A dicing sheet comprising a dicing sheet base material and an adhesive layer laminated on one surface of the dicing sheet base material,
The dicing sheet substrate is
An ethylene / α, β-unsaturated carboxylic acid copolymer (A);
(I) a multi-unit copolymer (B) having at least a structural unit derived from an α-olefin, and (ii) a structural unit derived from glycidyl (meth) acrylate or glycidyl unsaturated ether;
Polyolefin (C),
A layer composed of a resin composition for a dicing sheet substrate containing a functional layer composed of at least one layer disposed on one surface of a layer composed of the resin composition for a dicing sheet substrate ,
The ratio of the structural unit derived from (ii) glycidyl (meth) acrylate or glycidyl unsaturated ether in the multi-component copolymer (B) is 0.5% by mass relative to the total mass of the multi-component copolymer (B). ~ 20% by weight,
The functional layer comprises an ethylene / unsaturated carboxylic acid copolymer, an ethylene / unsaturated carboxylic acid / unsaturated carboxylic acid alkyl terpolymer, an ethylene / unsaturated carboxylic acid alkyl ester copolymer, an ethylene / vinyl. It comprises at least one selected from an ester copolymer, an ethylene / unsaturated carboxylic acid alkyl ester / carbon monoxide copolymer, and an unsaturated carboxylic acid graft product thereof,
The dicing sheet, wherein the functional layer has a thickness of 30 μm or more and 150 μm or less.
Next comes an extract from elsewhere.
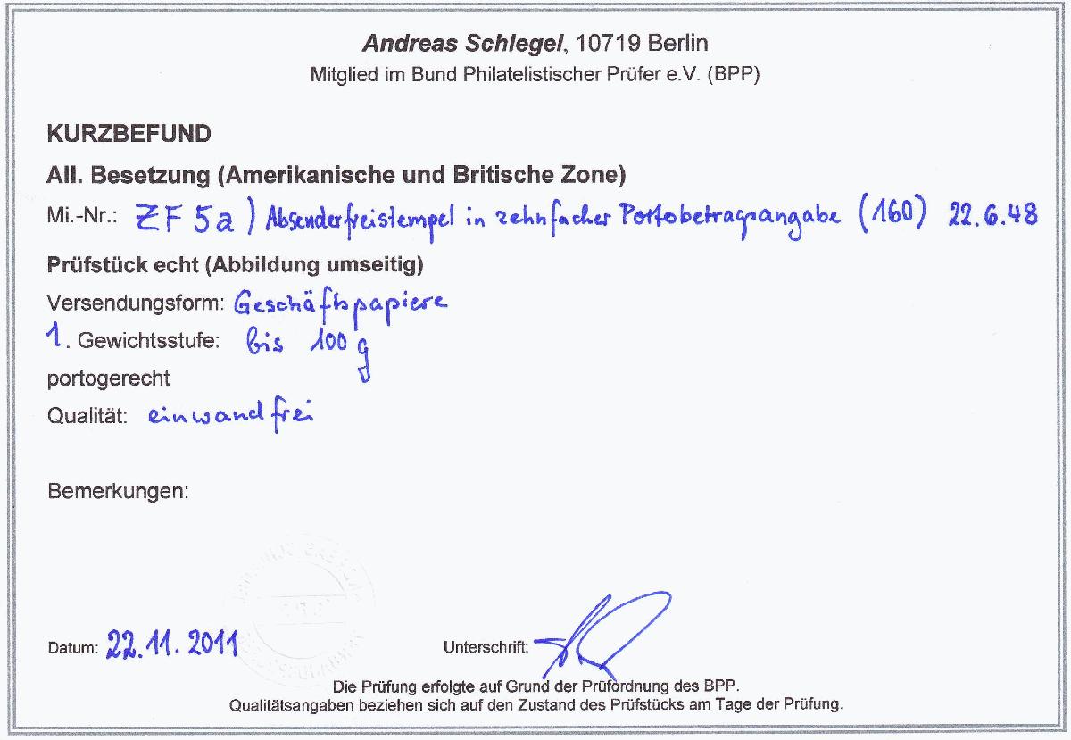 | Prüfgebiet: | Alliierte Besetzung Bizone |

The dicing sheet substrate resin composition is:
40% by mass to 99% by mass of the ethylene / α, β-unsaturated carboxylic acid copolymer (A),
The multi-component copolymer (B) more than 0% by mass and 20% by mass or less;
1% by mass to 40% by mass of the polyolefin (C),
(However, the total of the ethylene / α, β-unsaturated carboxylic acid copolymer (A), the multi-component copolymer (B) and the polyolefin (C) is 100% by mass),
The (ii) glycidyl (meth) acrylate or glycidyl-free polymer with respect to the total mass of the ethylene / α, β-unsaturated carboxylic acid copolymer (A), the multi-component copolymer (B), and the polyolefin (C). The dicing sheet according to claim 1, wherein the content ratio of the structural unit derived from the saturated ether is more than 0% by mass and 1.0% by mass or less. The ethylene · alpha, beta-alpha in-unsaturated carboxylic acid copolymer (A), beta-content ratio of the constituent unit derived from the unsaturated carboxylic acid is 5% by mass to 20% claim 1 or 2. The dicing sheet according to 2 . The ethylene · alpha, beta-unsaturated carboxylic acid copolymer (A) constituting the alpha, the beta-unsaturated carboxylic acids, (meth) according to any one of claims 1 to 3, which is acrylic acid Dicing sheet. The dicing sheet according to any one of claims 1 to 4 , wherein the polyolefin (C) is at least one selected from random polypropylene, homopolypropylene, low-density polyethylene, and linear low-density polyethylene. The said multi-component copolymer (B) is a ternary copolymer which has the structural unit derived from (iii) vinyl ester or unsaturated carboxylic acid ester further, The any one of Claims 1-5 . Dicing sheet.